# Havergal Brian's Gothic Symphony at the Proms



## Fsharpmajor (Dec 14, 2008)

Last night it had its first full performance in the UK since 1980. It's already in Wkipedia:

*The work was performed at the Proms on 17 July 2011 under Martyn Brabbins, with Susan Gritton soprano, Christine Rice mezzo-soprano, Peter Auty tenor, Alastair Miles bass, City of Birmingham Symphony Orchestra Youth Chorus, Eltham College Boys' Choir, Southend Boys' and Girls' Choirs, Bach Choir, BBC National Chorus of Wales, Brighton Festival Chorus, Côr Caerdydd, Huddersfield Choral Society, London Symphony Chorus, BBC Concert Orchestra and the BBC National Orchestra of Wales. The performance sold out on the first day of ticket sales. It was enthusiastically received by the audience, with noisy applause (even by Proms standards) lasting several minutes.*

Reviewed in the Telegraph:

*http://www.telegraph.co.uk/culture/...rians-Gothic-Symphony-Albert-Hall-review.html*


----------



## Tapkaara (Apr 18, 2006)

Fsharpmajor said:


> Last night it had its first full performance in the UK since 1980. It's already in Wkipedia:
> 
> *The work was performed at the Proms on 17 July 2011 under Martyn Brabbins, with Susan Gritton soprano, Christine Rice mezzo-soprano, Peter Auty tenor, Alastair Miles bass, City of Birmingham Symphony Orchestra Youth Chorus, Eltham College Boys' Choir, Southend Boys' and Girls' Choirs, Bach Choir, BBC National Chorus of Wales, Brighton Festival Chorus, Côr Caerdydd, Huddersfield Choral Society, London Symphony Chorus, BBC Concert Orchestra and the BBC National Orchestra of Wales. The performance sold out on the first day of ticket sales. It was enthusiastically received by the audience, with noisy applause (even by Proms standards) lasting several minutes.*
> 
> ...


Wow, I wonder if this was recorded...?


----------



## Delicious Manager (Jul 16, 2008)

Tapkaara said:


> Wow, I wonder if this was recorded...?


I have just listened to the performance streamed on the internet (available for another 6days on http://www.bbc.co.uk/iplayer/console/b012lkly) and thought it was magnificent (whatever the debated shortcomings of the piece). The broadcast was recorded in audio only and the Havergal Brian Society is trying to reach a licencing agreement with the BBC to issue it on CD.

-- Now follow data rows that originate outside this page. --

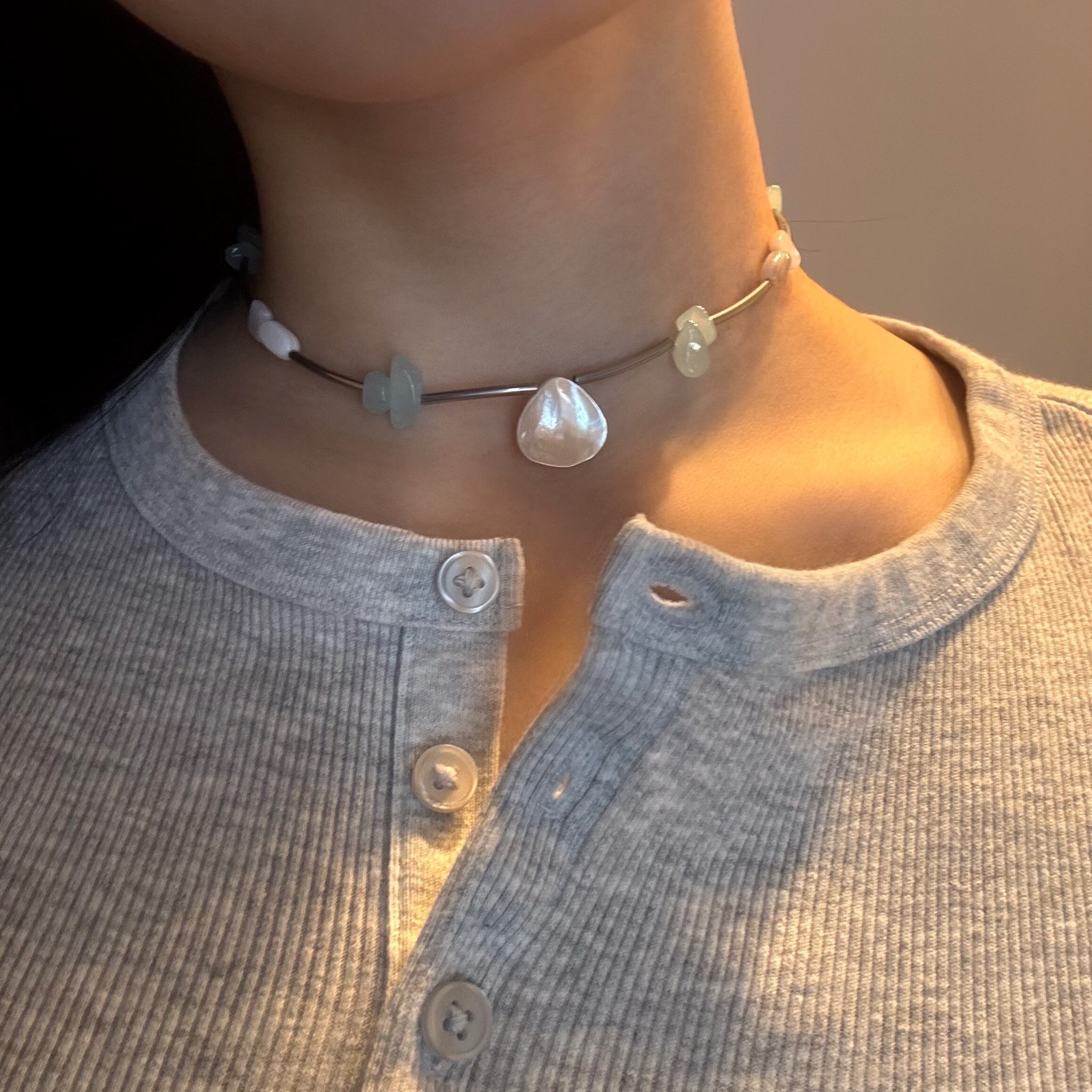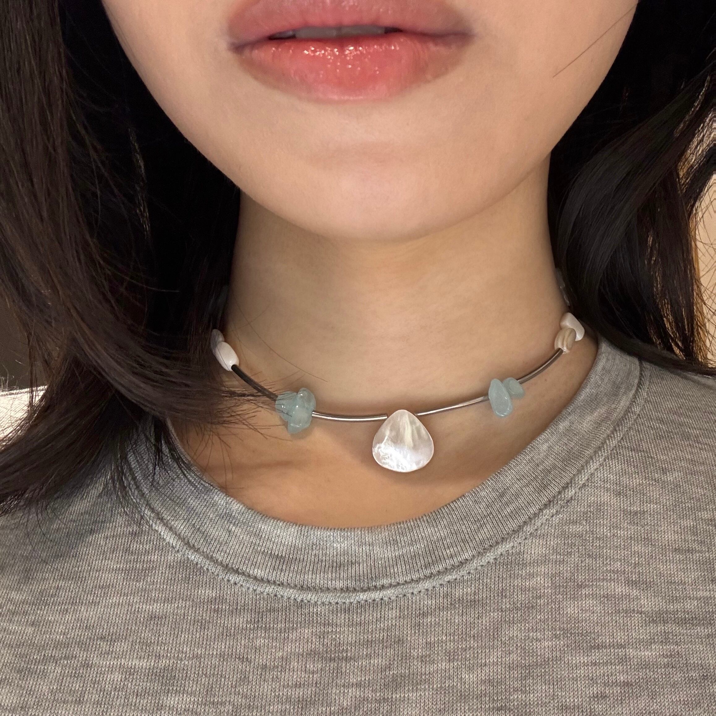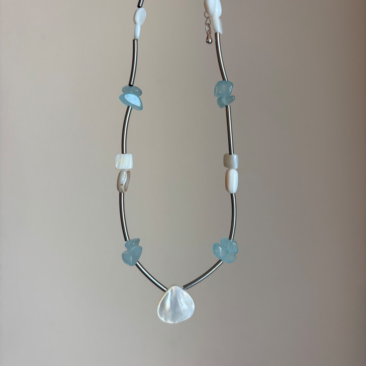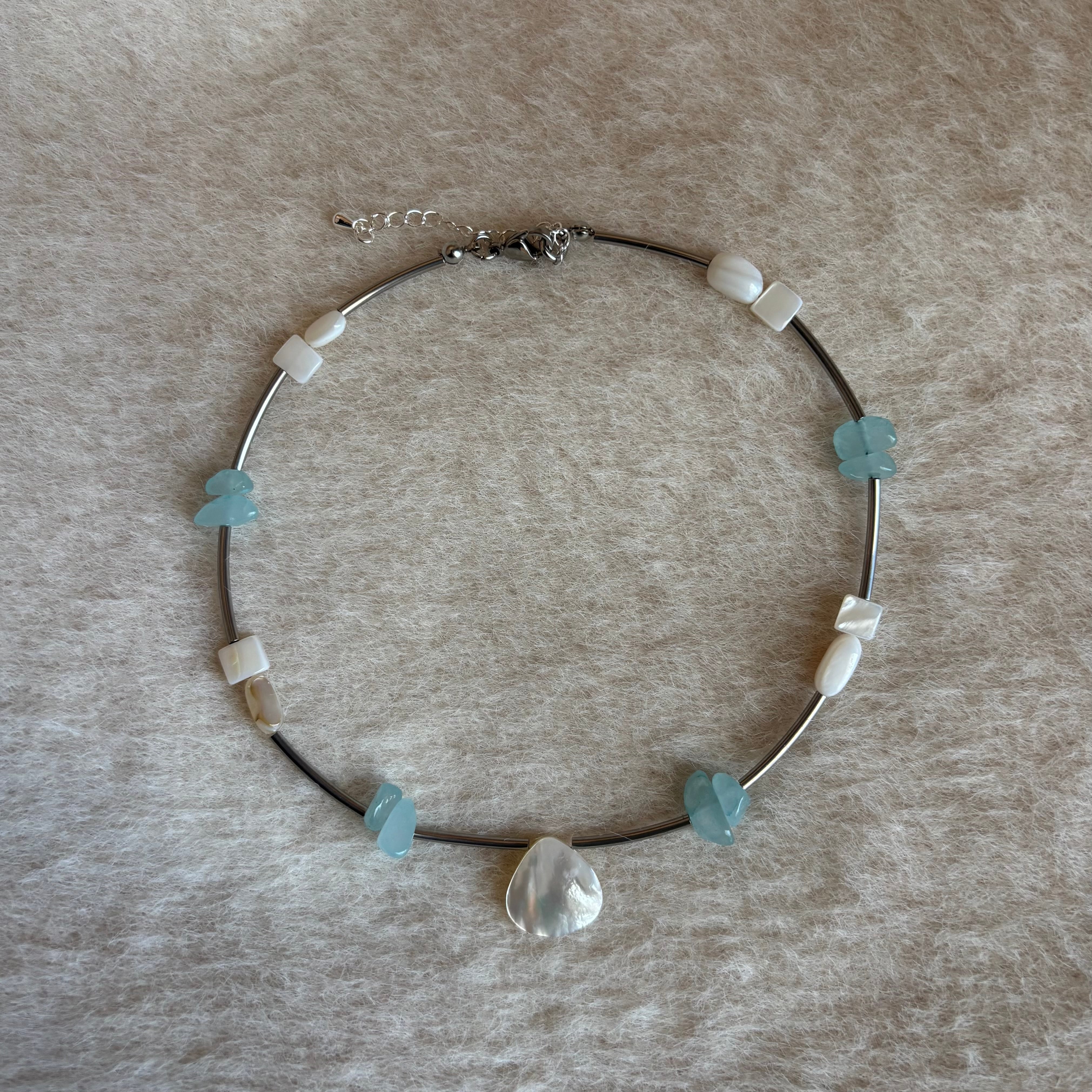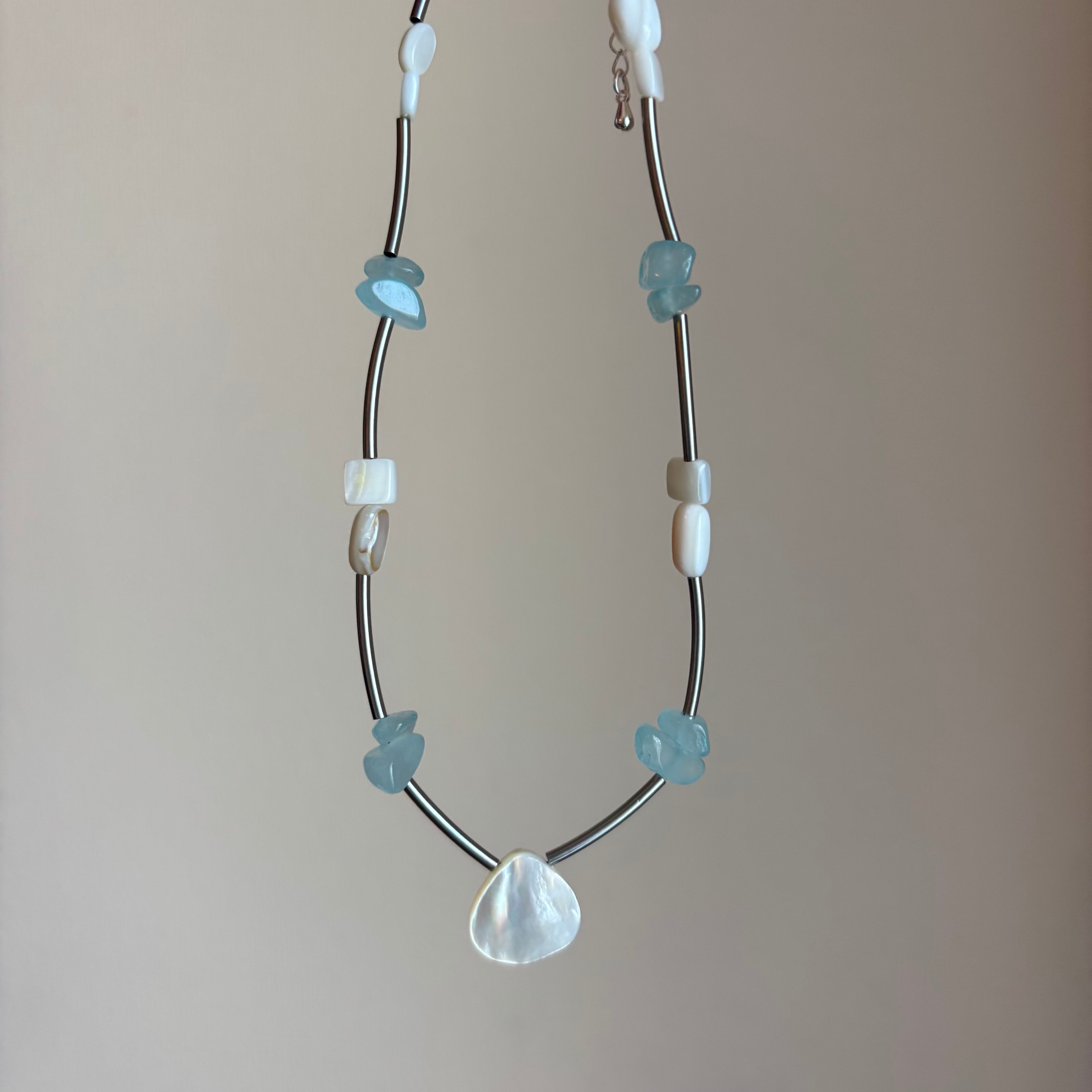 水辺のきらめきを閉じ込めたような、主役級ネックレス。
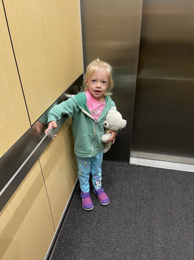 And how did she catch up??? Instead, as if I didn’t have enough dentist visits this month, we scheduled one more unplanned one to assess her sagging front tooth from a toy to the face, a tooth that turned black within a few days, but was still dangling strong from her gum-line. At least, holding strong enough for resistance from an adult trying to yank it out. Emerie was convinced the dentist wanted to take it at the appointment, meaning her face plant and butt in the air on the seat and hiding from him. Superrrr fun. His very short lived assessment after a quick x-ray gave us the green light for the ENT to remove the tooth while under anesthesia the following day.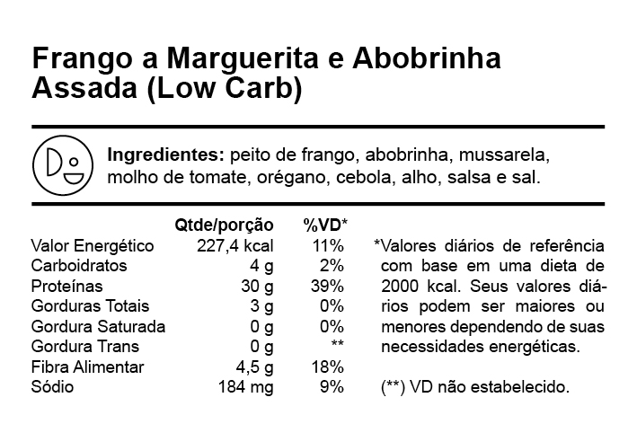 Versão low carb do nosso frango à Marguerita, com abobrinha assada, queijo e molho de tomate artesanal. Leve, saboroso e rico em proteínas.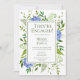 Esta invitación a la fiesta de compromiso con hortensias azules de varios matices, follaje fluido y coordinación de la espalda con rayas azules es moderna y caprichosa. ¡Es perfecto para cualquiera que celebre un compromiso de primavera o verano! En segundos puedes ver tus hermosas invitaciones. Las plantillas son muy fáciles de usar. Simplemente elija Personalizar esta plantilla, escriba su información y voilà - sus invitaciones únicas y espléndidas están listas!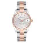 This authentic Rolex Datejust Ref. 278271 is a striking 31mm automatic wristwatch featuring a two-tone rose gold and stainless steel case and bracelet. The elegant silver dial is accented with diamond-set hour markers and a date display at 3 o’clock. Its screw-down case back, deployant clasp, and durable construction make it both refined and functional. This watch is in very good pre-owned condition with only minor signs of wear and comes complete with its original box.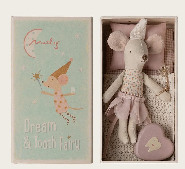 Por la noche, el Hada ratoncito Pérez esparce polvo mágico, recoge los dientes y trae golosinas para que tengas dulces sueños. Con su vestido mágico duerme plácidamente entre suaves sábanas. Incluye caja para guardar los dientes y caja de cerillas.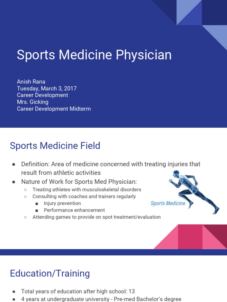 Sports medicine, also known as sport and exercise medicine (sem), is a branch of medicine that deals with physical fitness and the treatment and prevention. Good or correct posture is one in which the body is so balanced as to produce the least fatigue. Definition of a catastrophic incident: Dietician, md medical consultant, orthopedic, neuropathy sports medicine doctors concentrate in areas surrounding treatment of injuries resulting out of athletic activities. Sports medicine is a branch of medicine that deals with physical fitness and the treatment and prevention of injuries related to sports and exercise.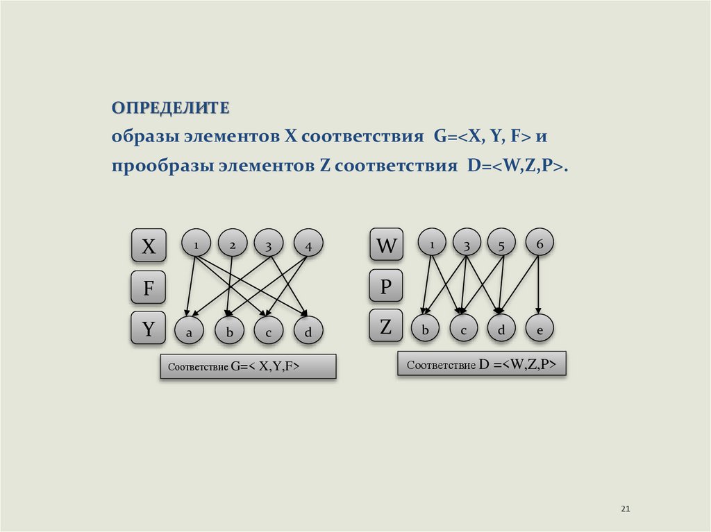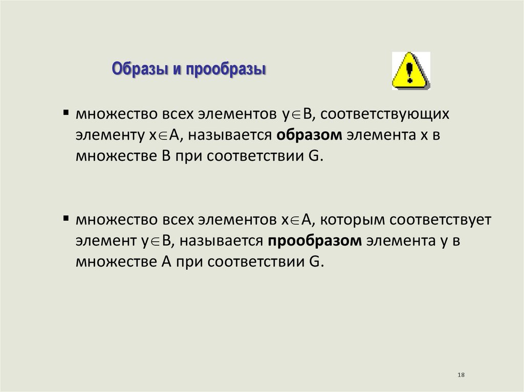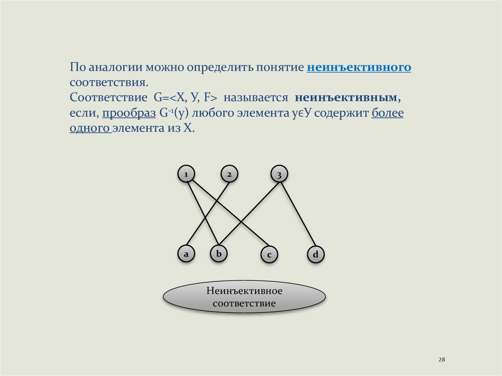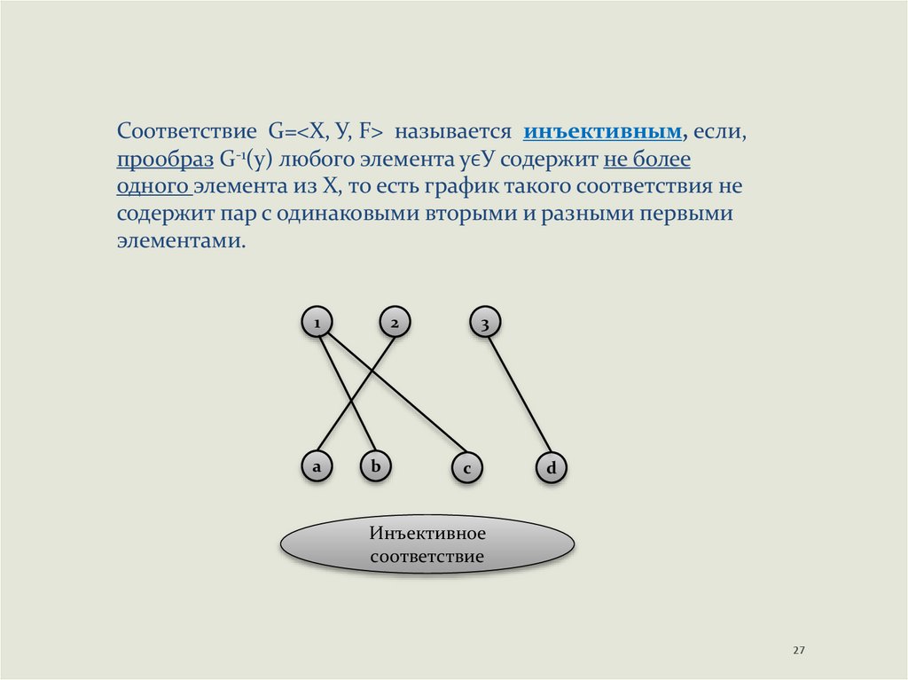 Соответствие G=<Х, У, F> называется инъективным, если,прообраз G-1(у) любого элемента уϵУ содержит не более

However (and this is almost unbelievable), as important an event as this was publicised to be, the BBC decided neither to televise the concert (even though they have committed to televise 2 concert per week during the festival; this wasn't one of them!) nor video record it for future broadcast or issue on DVD/Blu-ray. What **** made THAT decision?


----------



## Tapkaara (Apr 18, 2006)

Delicious Manager said:


> I have just listened to the performance streamed on the internet (available for another 6days on http://www.bbc.co.uk/iplayer/console/b012lkly) and thought it was magnificent (whatever the debated shortcomings of the piece). The broadcast was recorded in audio only and the Havergal Brian Society is trying to reach a licencing agreement with the BBC to issue it on CD.
> 
> However (and this is almost unbelievable), as important an event as this was publicised to be, the BBC decided neither to televise the concert (even though they have committed to televise 2 concert per week during the festival; this wasn't one of them!) nor video record it for future broadcast or issue on DVD/Blu-ray. What **** made THAT decision?


I'd imagine any live performance of this MASSIVE piece SHOULD be filmed! After all, I am sure seeing it is as much a part of the experience as hearing it. Considering it quickly sold out should have been a big enough inidcator that this is a performance a lot of people would want to see.

I do not understand that at all.

I will check out the link you provided. Thanks!


----------



## Jules141 (Nov 20, 2009)

I was there! Leaning on the gallery just to the left of centre. Amazing concert on so many levels. Love this work. Had huge smile on my face through some moments.


----------